A few weeks ago, I wrote about an important  10 (j) case in federal court in New York where the Defendant was challenging (1) the constitutionality of Obama’s recess appointments; (2) the Labor Board’s ability to delegate 10 (j) authority to the General Counsel’s office; and (3) if such a delegation survives once the Board’s membership falls below a quorum.

In a decision handed down this week, the NLRB prevailed, on all three counts.

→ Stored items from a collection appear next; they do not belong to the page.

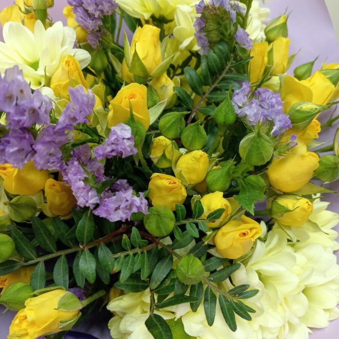 Хризантема кустовая – 3 шт.Роза кустовая – 9 шт.Лимониум – 2 шт.Зелень – 3 шт.Упаковка – 1 шт.
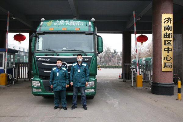 ▲济南邮区中心局员工正在为发往武汉的抗疫情物资装车。
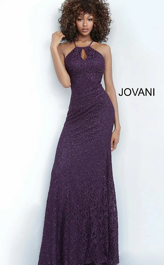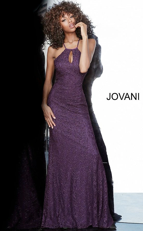 Jovani 4032 is a Long Fitted Dark Floral Embellished Lace Prom Dress. This High Keyhole Neckline Mermaid Evening Gown is Backless!  Embellished lace prom dress, form fitting silhouette, floor length, sleeveless bodice, scoop neckline with key hole opening, open back with embellished straps.
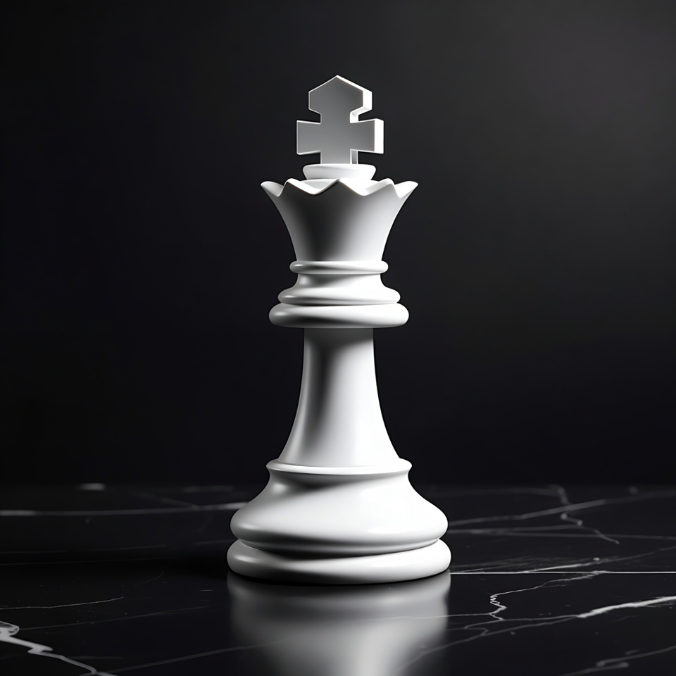3D render, black background, board game, chess game, chess piece, cross top, crown, game piece, glossy, isolated, king piece, marble surface, reflection, shadow, strategy game, white king, chess king

First, the 10 (j) questions.   The Court looked to the plain meaning of the text and legislative history of the Act to find that the Board could delegate 10 (j) authority to the General Counsel.   Next, the Court found that the delegation of 10 (j) authority survives even if the Board’s quorum drops below the required number (3).   The Court distinguished that situation from the one that the Supreme Court faced in New Process Steel where the Board attempted to “perpetuate” its existence with 2 members.   The Court held that in delegating 10 (j) authority, the Board is not “perpetuating” any existence and is only delegating prosecutorial functions to the General Counsel.  This holding is consistent with cases from other Circuits — in fact, as Brennan Bolt at Labor Relations Today points out, the Supreme Court just rejected cert this week in a similiar case from the Ninth Circuit.  The only Circuit that has held to the contrary is the DC Circuit.

The last point — and the juicest of the three — was the constitutional issue of the President’s recess appointments.   Here, the Court declined to make any “pronouncements” because it found the constitutional issue did not change the outcome either way.  As the Court put it:

This is so because there are only two possible answers to the constitutional question and each answer leads to the conclusion that the § 10 (j) petition was validly brought. If the recess appointments were constitutional and the Board has a duly-constituted quorum, then the delegation to the General Counsel is presently inoperative and the Board itself had statutory authority to approve the instant petition.

If, on the other hand, the recess appointments were unconstitutional, then the Board lacks a quorum and the delegation to the General Counsel is operative. Since petitioner received authorization to initiate this § 10 (j) action from both the Board and the General Counsel, pursuant to the N.L.R.B. ‘s ordinary practice,4 one of these approvals must have been valid regardless of whether the President’s appointments to the Board were constitutional.

As I stated earlier, many employers cried foul over the recess appointments as a matter of principle.   There still might be merit to that argument, but it’s a complex question and will take time for the Courts to sort out — if ever.  As this case demonstrates, no employer should make any business decision on the hope that the recess appointments will be declared unconstitutional.